*WHAT YOU HAVE TO DO*
Keep the images out while you retype all of the data exactly.

*SUPPLIED MATERIAL*
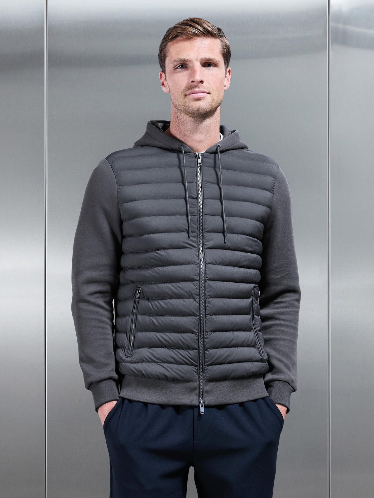 Hybrid Quilted Technical Windbreaker in Grey
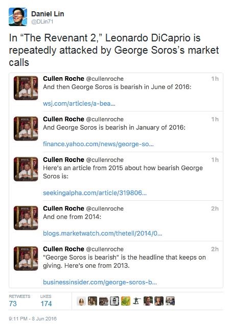 While Soros is unquestionably an investment legend, his calls have not always been infallible. This Bloomberg article details some of his most recent hits and misses over the last few years. The WSJ article also prompted reminders of how many times journalists have published “Soros is bearish” stories in the past.
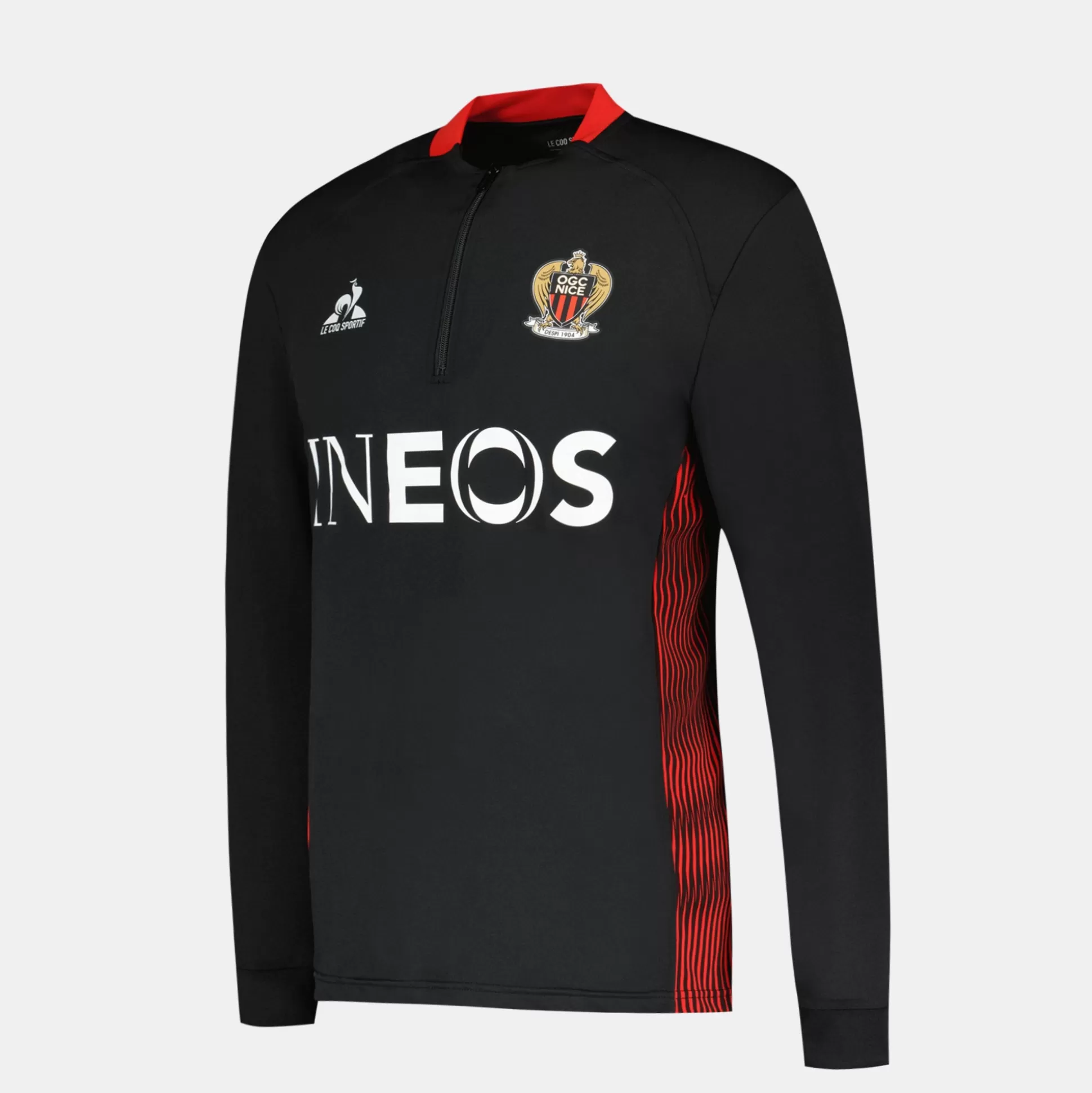 Découvrez le sweat 1/2 zip d’entrainement porté par les joueurs de l’OGC NICE pour la saison 2024-2025. Doté d’une matière respirante et élastique, ce sweat léger vous offre une liberté de mouvement optimale. Les empiècements sur les côtés symbolisent les vibrations de la performance, design iconique que l’on retrouve sur la collection training des équipes de france Olympique et Paralympique. CARACTERISTIQUES TECHNIQUES : ‘- Matière principale : 91% polyester / 9% Elasthanne – Empiècement côtés en 100% polyester avec motif en sublimation – Logos Le Coq Sportif et OGC Nice en technique transfert – Inscription « OGC NICE » en technique print en haut du dos
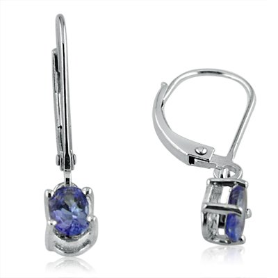 3/4ct total weight genuine tanzanite earrings set in sterling silver. These lovely earrings measure just over 3/4 inches long and feature tanzanite stones that measure 6mm long and 4mm wide.

*EXERCISE RESULT*
 Hybrid Quilted Technical Windbreaker in Grey
 While Soros is unquestionably an investment legend, his calls have not always been infallible. This Bloomberg article details some of his most recent hits and misses over the last few years. The WSJ article also prompted reminders of how many times journalists have published “Soros is bearish” stories in the past.
 Découvrez le sweat 1/2 zip d’entrainement porté par les joueurs de l’OGC NICE pour la saison 2024-2025. Doté d’une matière respirante et élastique, ce sweat léger vous offre une liberté de mouvement optimale. Les empiècements sur les côtés symbolisent les vibrations de la performance, design iconique que l’on retrouve sur la collection training des équipes de france Olympique et Paralympique. CARACTERISTIQUES TECHNIQUES : ‘- Matière principale : 91% polyester / 9% Elasthanne – Empiècement côtés en 100% polyester avec motif en sublimation – Logos Le Coq Sportif et OGC Nice en technique transfert – Inscription « OGC NICE » en technique print en haut du dos
 3/4ct total weight genuine tanzanite earrings set in sterling silver. These lovely earrings measure just over 3/4 inches long and feature tanzanite stones that measure 6mm long and 4mm wide.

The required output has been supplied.